Let's denote the length of the longer leg of the right triangle as \( x \). Therefore, the length of the shorter leg will be \( x - 7 \).
According to the Pythagorean theorem, the relationship between the legs and the hypotenuse \( c \) in a right triangle is given by:
\[ c^2 = (x - 7)^2 + x^2 \]
We want to find when the hypotenuse \( c \) is at least 17 inches long:
\[ c \geq 17 \]
Squaring both sides (since both sides are positive), we get:
\[ c^2 \geq 17^2 \]
\[ c^2 \geq 289 \]
Substituting \( c^2 \) from the Pythagorean theorem gives us:
\[ (x - 7)^2 + x^2 \geq 289 \]
Expanding the left-hand side, we have:
\[ (x^2 - 14x + 49) + x^2 \geq 289 \]
Combining like terms:
\[ 2x^2 - 14x + 49 \geq 289 \]
Subtracting 289 from both sides:
\[ 2x^2 - 14x + 49 - 289 \geq 0 \]
Simplifying gives:
\[ 2x^2 - 14x - 240 \geq 0 \]
Dividing through by 2 for simplicity:
\[ x^2 - 7x - 120 \geq 0 \]
Next, let's find the roots of the quadratic equation \( x^2 - 7x - 120 = 0 \) using the quadratic formula:
\[ x = \frac{-b \pm \sqrt{b^2 - 4ac}}{2a} \]

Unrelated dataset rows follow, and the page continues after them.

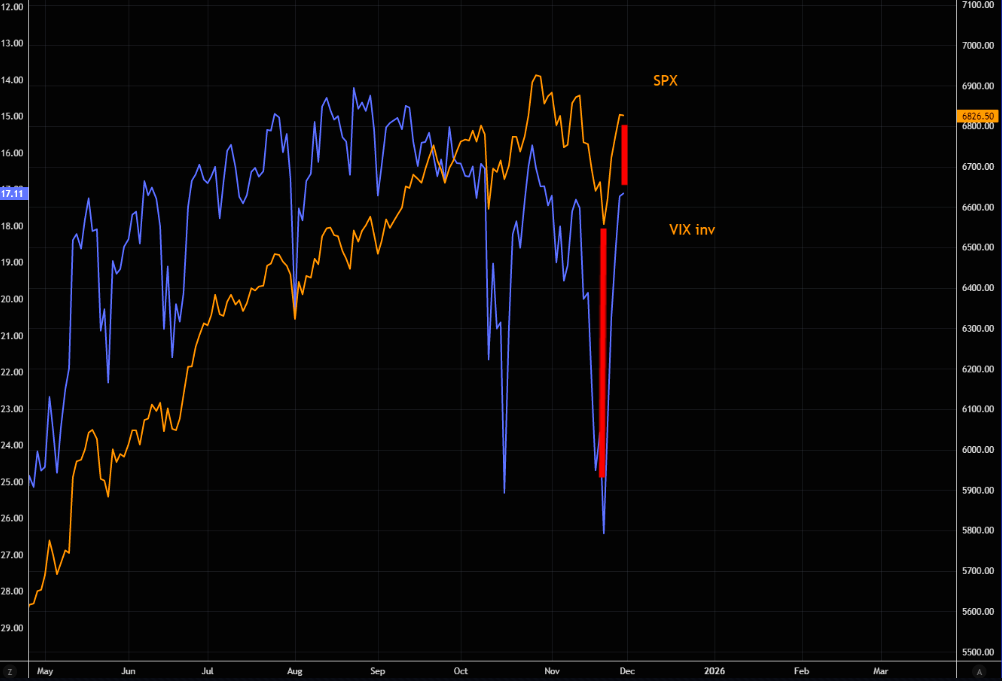 The extreme VIX vs SPX gap is gone. Chart shows SPX vs VIX (inverted).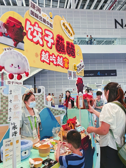 胖乎乎的餃子、圓墩墩的醋缸,摸一摸,毛絨絨的,手感柔順細(xì)滑。8月24日,第七屆山西文博會現(xiàn)場,位于山西瀟河國際會展中心N4館的文創(chuàng)山西展區(qū),永濟市晉韻原創(chuàng)文創(chuàng)工作室獨特而醒目的門頭——“餃子蘸醋 越吃越富”,吸引了眾多參觀者的目光。該工作室展出的餃子蘸醋系列毛絨文創(chuàng)產(chǎn)品,也受到參觀者的關(guān)注和喜愛。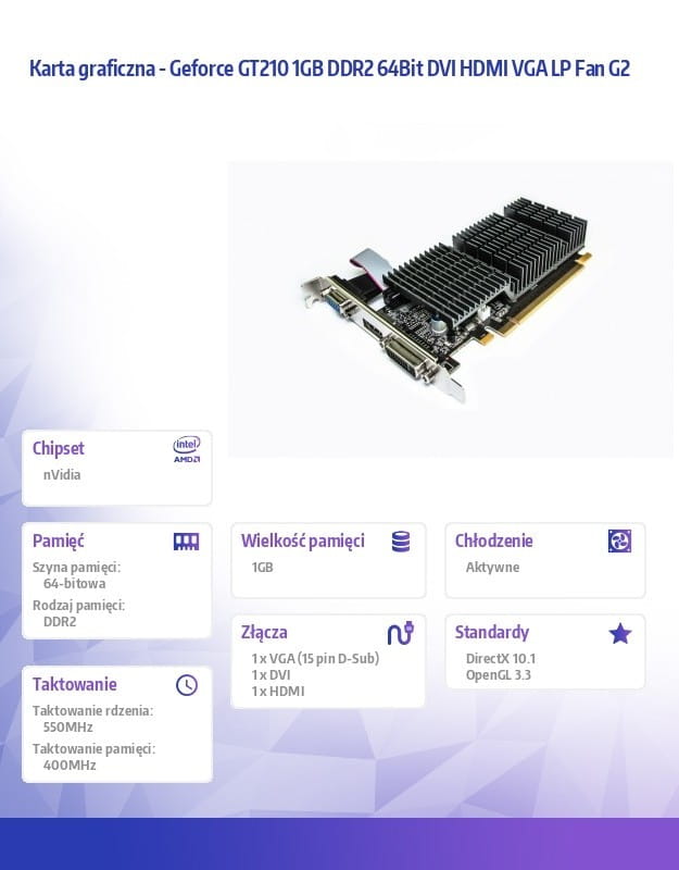 AFOX Karta graficzna Geforce GT210 1GB DDR2 64Bit DVI HDMI VGA Passive G2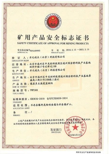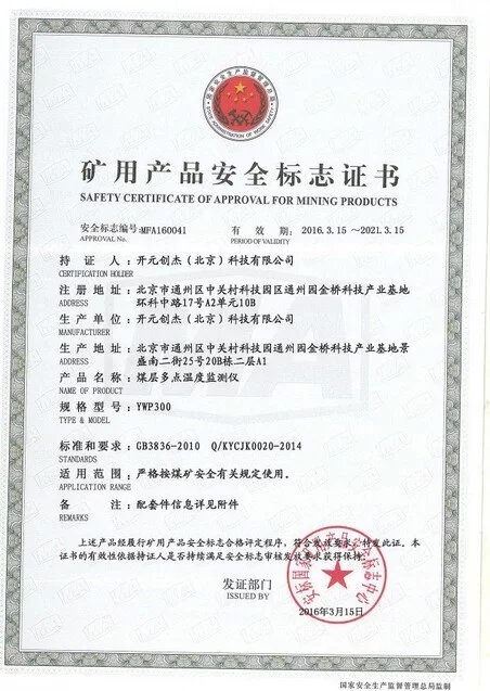 YWP300煤層多點溫度檢測儀取得安標(biāo)認證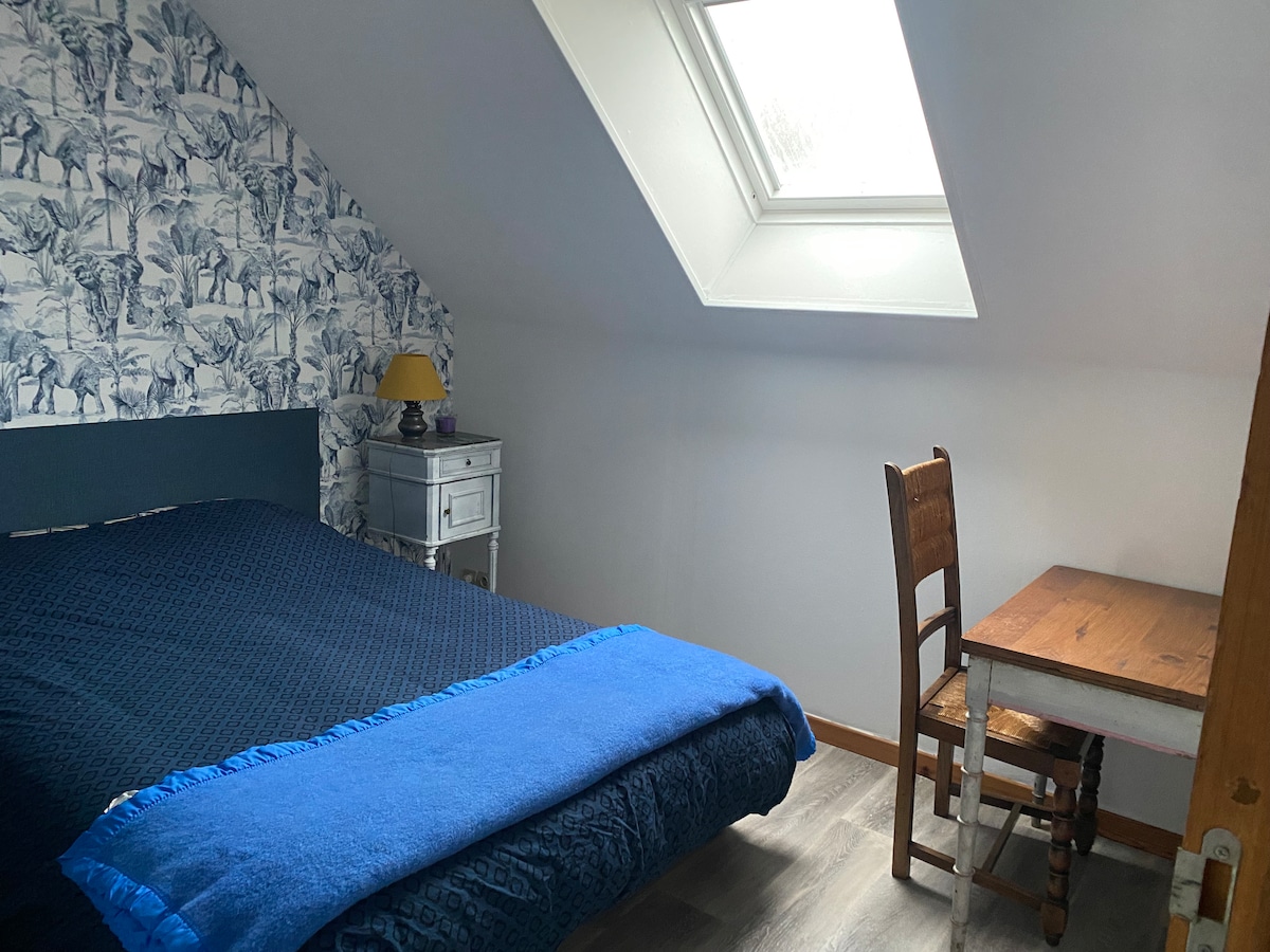 Vous voulez vous ressourcer à la campagne à 5 ' des bois et 25' de la mer chambre 1: 1 lit de 140 avec 1 commode, 1 bureau, 1 tabouret et 1 fauteuil. La penderie se trouve dans le couloir face à chambre. les WC et la salle de bain sont commun au 2 chambres.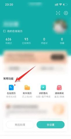 在个人中心页面里,找到并点击【在线简历】选项,就能进入简历的编辑和管理界面。

Here, \( a = 1, b = -7, c = -120 \):
\[ x = \frac{7 \pm \sqrt{(-7)^2 - 4 \cdot 1 \cdot (-120)}}{2 \cdot 1} \] \[ x = \frac{7 \pm \sqrt{49 + 480}}{2} \] \[ x = \frac{7 \pm \sqrt{529}}{2} \] \[ x = \frac{7 \pm 23}{2} \]
Calculating the roots:
\[ x = \frac{30}{2} = 15 \quad \text{and} \quad x = \frac{-16}{2} = -8 \]
The roots are \( x = 15 \) and \( x = -8 \).
Now, to find the intervals where \( x^2 - 7x - 120 \geq 0 \), we test intervals based on the roots:
- \( (-\infty, -8) \)
- \( (-8, 15) \)
- \( (15, \infty) \)
By testing a point from each interval:
- For \( x < -8 \) (e.g., \( x = -9 \)): \( (-9)^2 - 7(-9) - 120 = 81 + 63 - 120 = 24 \geq 0 \) (true)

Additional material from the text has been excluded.